Exercise prompt — Reproduce exactly only the lines from the line that holds "Sale Now On" to the line that holds "RJ45接口 1x4 带灯屏蔽,黄色塑胶...", inclusive, in the listing below, and please leave out every picture.

Records for processing —
-=-=-
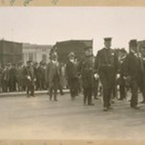 Capt. Wall, Jesse B. Cook, Mr. Thos. E. Shumate, Chief W. J. O'Brien, Lieut. Copeland, Mayor Rolph
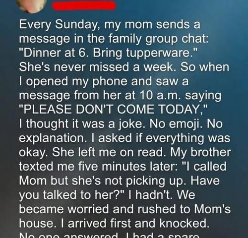 So when she sent a brief text one Sunday afternoon that simply said, “Please don’t come today,” my heart sank. No explanation. No smiley face. Just five unsettling words. My brother and I exchanged a look and knew instantly something was wrong. We ignored the message, got into the car, and drove straight to her house, anxiety tightening in our chests.
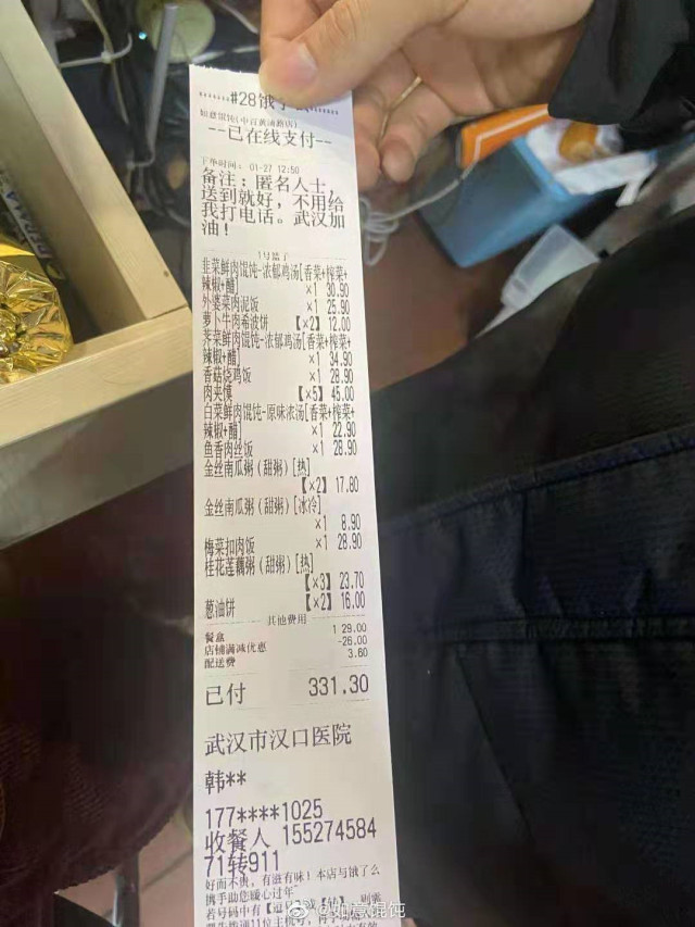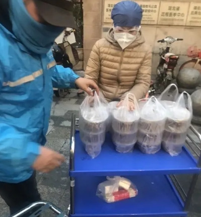 目前我們和美團/餓了么一起,已經接到武漢市九醫院、武漢大學中南醫院、湖北省腫瘤醫院、武漢市第一醫院等10多家醫院的用餐需求。
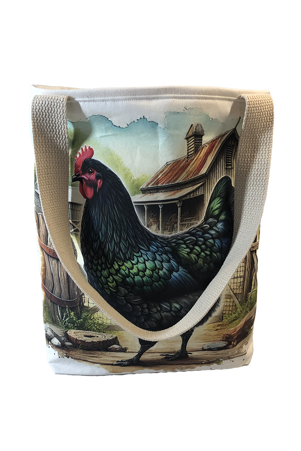 We are introducing a unique accessory for the discerning fashionista: our Handmade Designer Australorp Farm Tote Bag. This exquisite tote combines artistry and functionality, making it a standout piece in any collection.
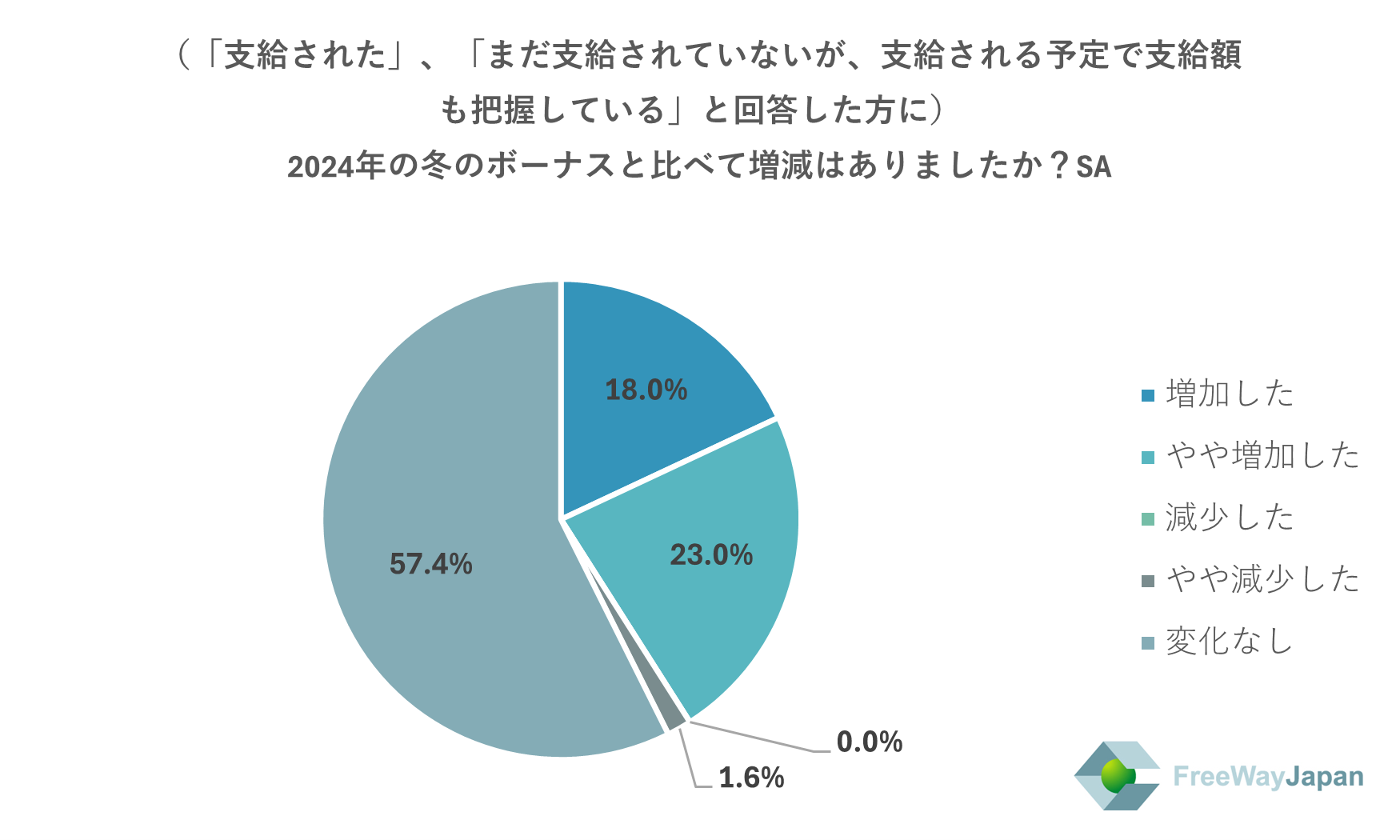 また、上記対象者に2024年の冬のボーナスと比べて増減はあったか聞いたところ、「変化なし」が57.4%、「やや増加した」が23.0%、「増加した」が18.0%、「やや減少した」が1.6%という結果だった。
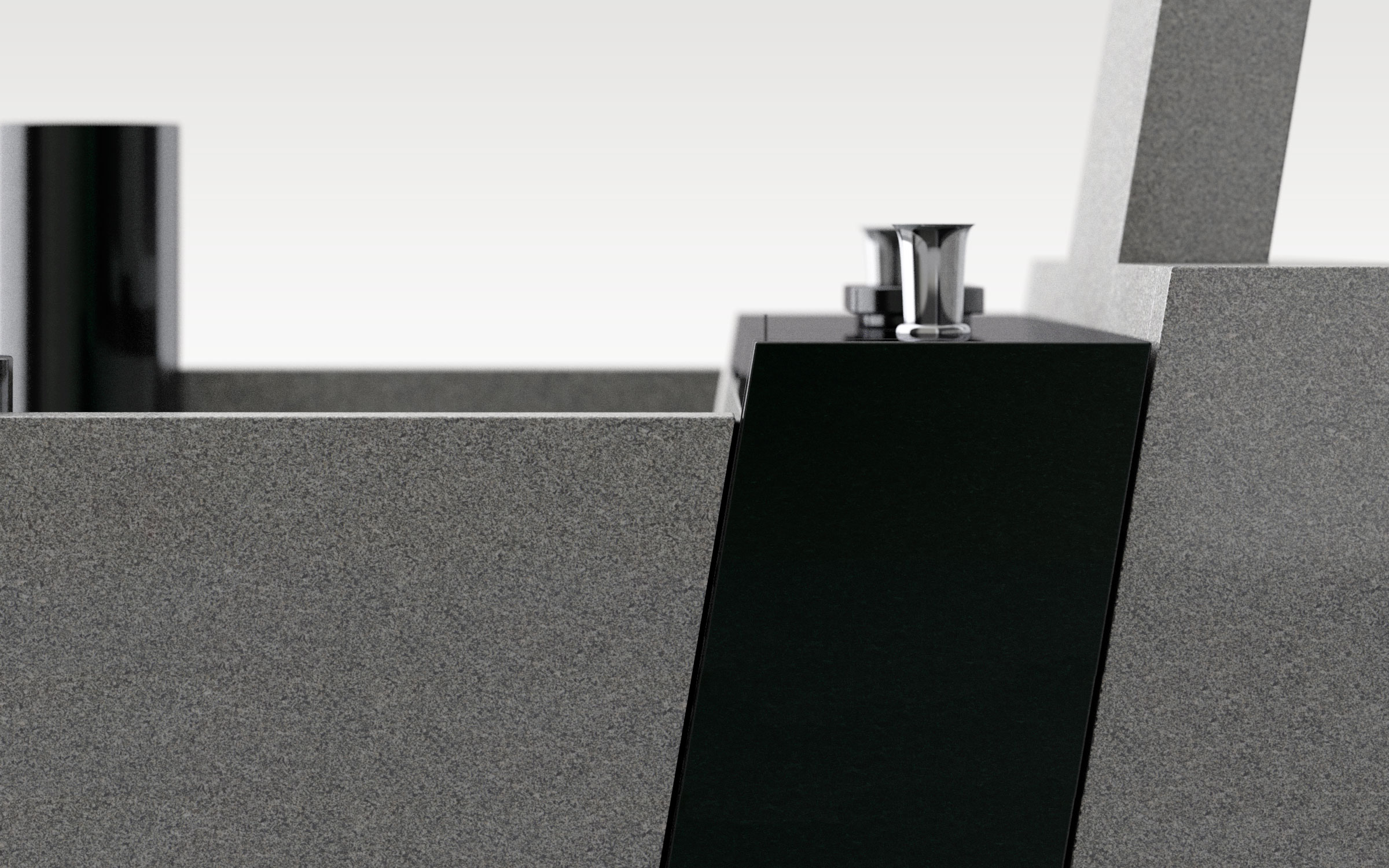 絶妙なバランスで後傾した面を持った石塔が、訪れる人の視線と祈りを静かに受け止めるデザイン。階段状に連なる直線的な構成と、白と黒の明確な対比が、造形の輪郭を美しく際立たせます。
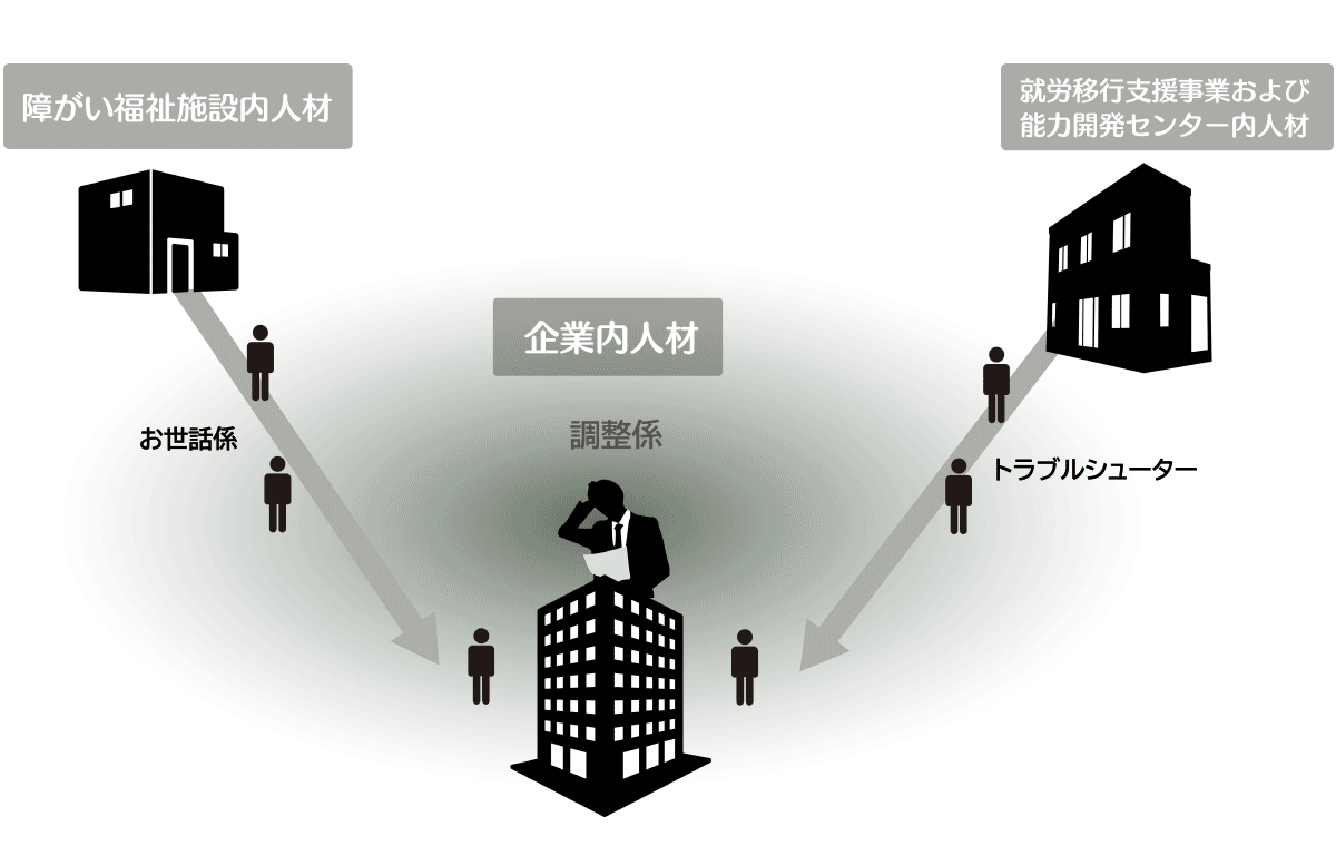 現状のJOBコーチ人材は、【障がい福祉施設内人材】、【就労移行支援事業および能力開発センター内人材】、【企業内人材】の三つに分類されます。主な役割を端的に言い換えれば、障がい福祉施設内人材はお世話係、就労移行支援事業および能力開発センター内人材はトラブルシューター、企業内人材は調整係といえますが、実情は調整係が間に合わず、外部の人材が企業へ一時的に常駐しJOBコーチを実施しているケースが殆どです。
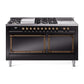 Ilve UN60FSQNMPBKB Ilve Un60Fsqnmpbkb Nostalgie Ii Noblesse 60" Dual Fuel Range (7 Sealed Burners + Griddle + French Top, Natural Gas, Solid Door, Glossy Black, Burnished)
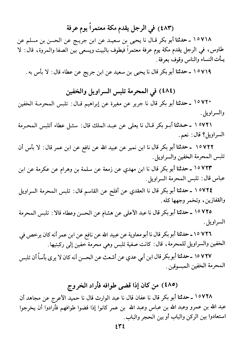 15720 - أَبُو بَكْرٍ قَالَ: نا جَرِيرٌ، عَنْ مُغِيرَةَ، عَنْ إِبْرَاهِيمَ قَالَ: «§تَلْبَسُ الْمُحْرِمَةُ الْخُفَّيْنِ وَالسَّرَاوِيلَ»
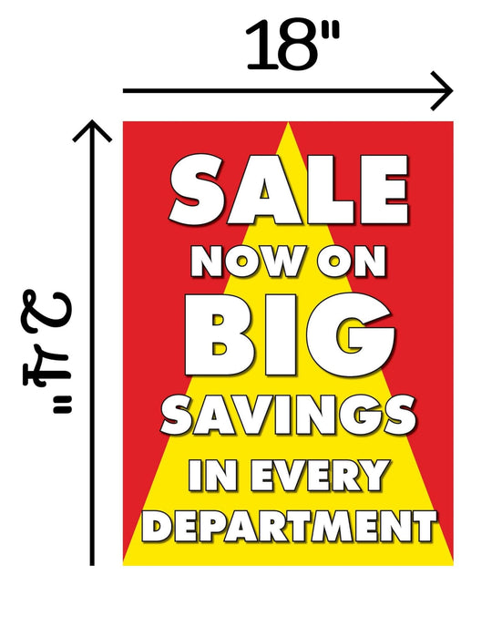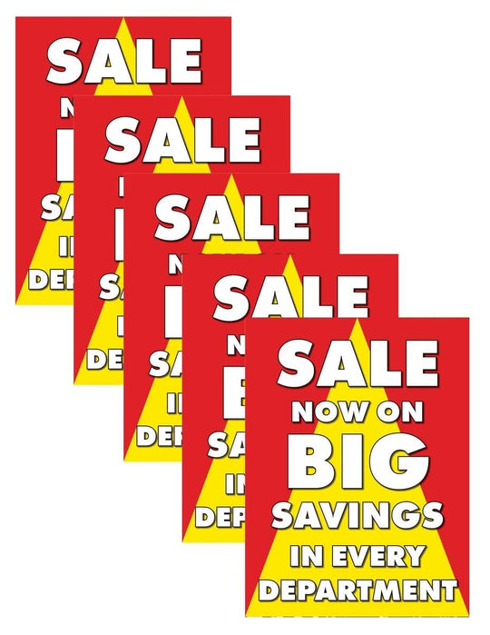 Sale Now On Big Savings | Retail Window Display Sign | 18"W x 24"H | 5 Pack
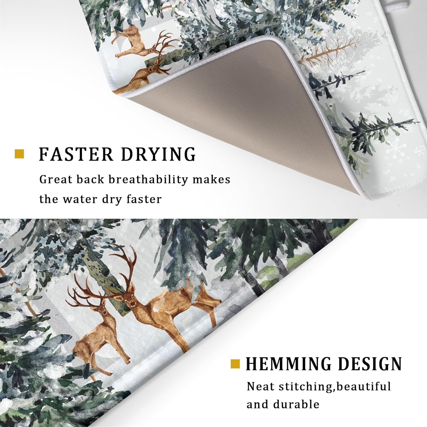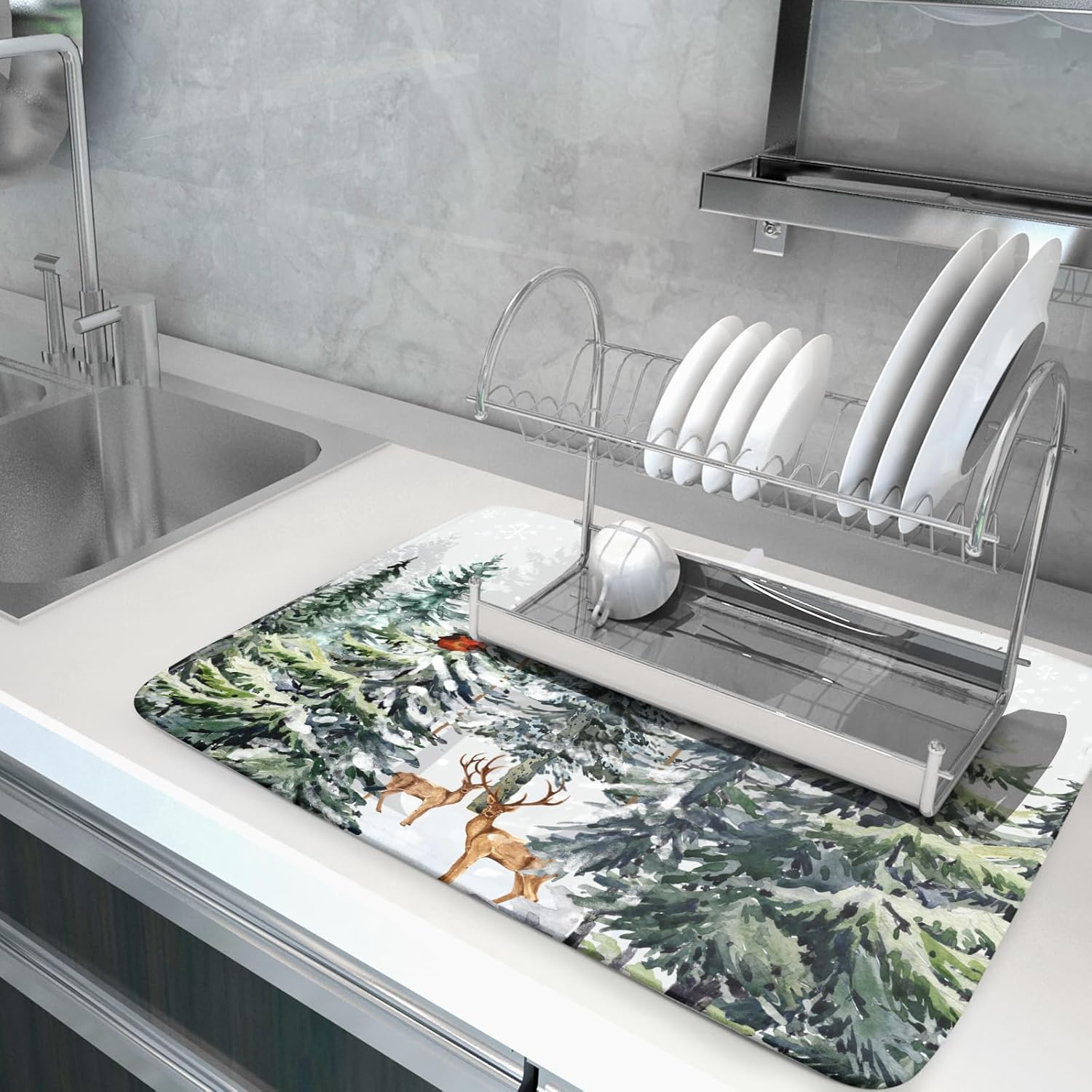 Pine Tree Dish Drying Mat for Kitchen Counter 18x24 Inch Forest Deer Absorbent Dishes Drainer Mats Reversible Microfiber Quick Dry Rack Pad
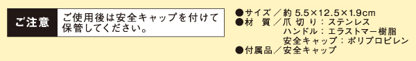 巻き爪や硬い爪のお手入れに! エラストマー素材により滑り止め効果を高めた握りやすいハンドル。 安全キャップ付き。 ■商品サイズ:約5.5×12.5×1.9cm ■材質:爪切り:ステンレス、ハンドル:エラストマー樹脂、安全キャップ:ポリプロピレン ■付属品:安全キャップ ■日本製 ■パッケージサイズ:155×25×75mm※使用感には個人差がございます。[omk]おまけはお一人様につき1点です。おまけの色などは選べません。
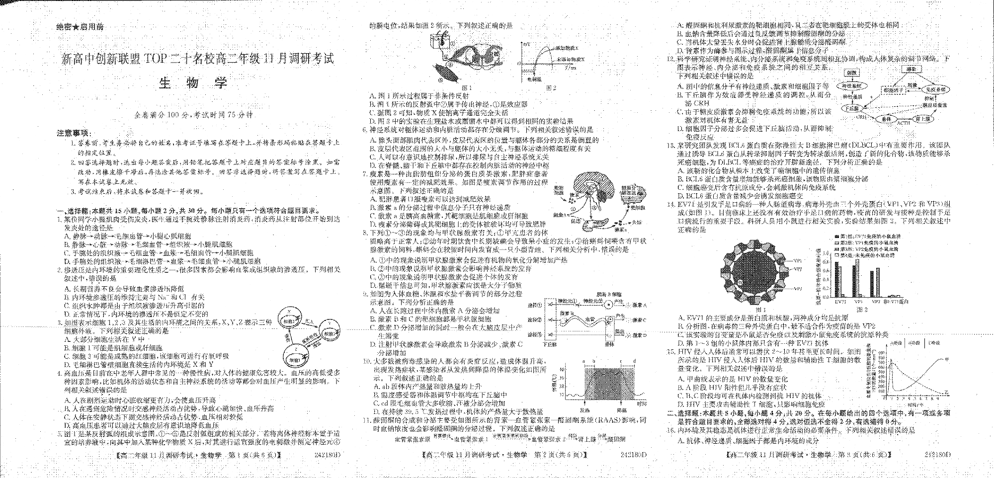 河南省新高中创新联盟TOP二十名校2023-2024学年高二上学期11月调研考试 生物
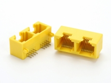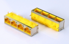 RJ45接口 1x4 带灯屏蔽,黄色塑胶...
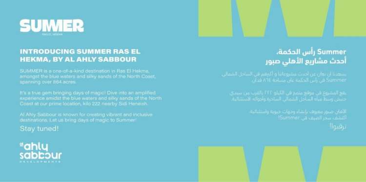 company Al-Ahly is patient In real estate development It is the developer of Summer Ras El Hekma Village, and it is one of the largest leading companies in the Egyptian real estate market, with more than 25 years of experience, and is famous for its good reputation among clients, and its distinguished projects that combine elegance and sophistication, in addition to its interest in applying international standards in design.
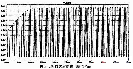 C5是防止低頻噪聲干擾的對策,加了C5后,反相放大器的放大倍數(shù)R9/R7中,R9仍為(220k Ω),R7則變成由C5(0.22 μF)和4.7kΩ合成的。電容的容抗為1/(j*w*C),對于低頻信號容抗很大,對于高頻信號接近短路,這樣對于低頻信號放大倍數(shù)較大幅度減小,而對于高頻信號放大倍數(shù)幾乎不變,起到了抑制低頻干擾信號的作用,防止了誤觸發(fā)。圖5是該電路對80mV信號放大后在PSPICE中仿真的輸出:
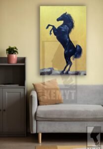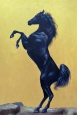 Majestic Power captures the raw strength and elegance of a black stallion rearing proudly against a radiant golden backdrop. The horse’s glossy coat shimmers with deep blues and purples, highlighting its muscular form and spirited motion. The bold contrast between the dark figure and the luminous background symbolizes freedom, dominance, and untamed energy—making this artwork a striking tribute to the noble spirit of the horse.
-=-=-
Reply —
 Sale Now On Big Savings | Retail Window Display Sign | 18"W x 24"H | 5 Pack
 Pine Tree Dish Drying Mat for Kitchen Counter 18x24 Inch Forest Deer Absorbent Dishes Drainer Mats Reversible Microfiber Quick Dry Rack Pad
 巻き爪や硬い爪のお手入れに! エラストマー素材により滑り止め効果を高めた握りやすいハンドル。 安全キャップ付き。 ■商品サイズ:約5.5×12.5×1.9cm ■材質:爪切り:ステンレス、ハンドル:エラストマー樹脂、安全キャップ:ポリプロピレン ■付属品:安全キャップ ■日本製 ■パッケージサイズ:155×25×75mm※使用感には個人差がございます。[omk]おまけはお一人様につき1点です。おまけの色などは選べません。
 河南省新高中创新联盟TOP二十名校2023-2024学年高二上学期11月调研考试 生物
 RJ45接口 1x4 带灯屏蔽,黄色塑胶...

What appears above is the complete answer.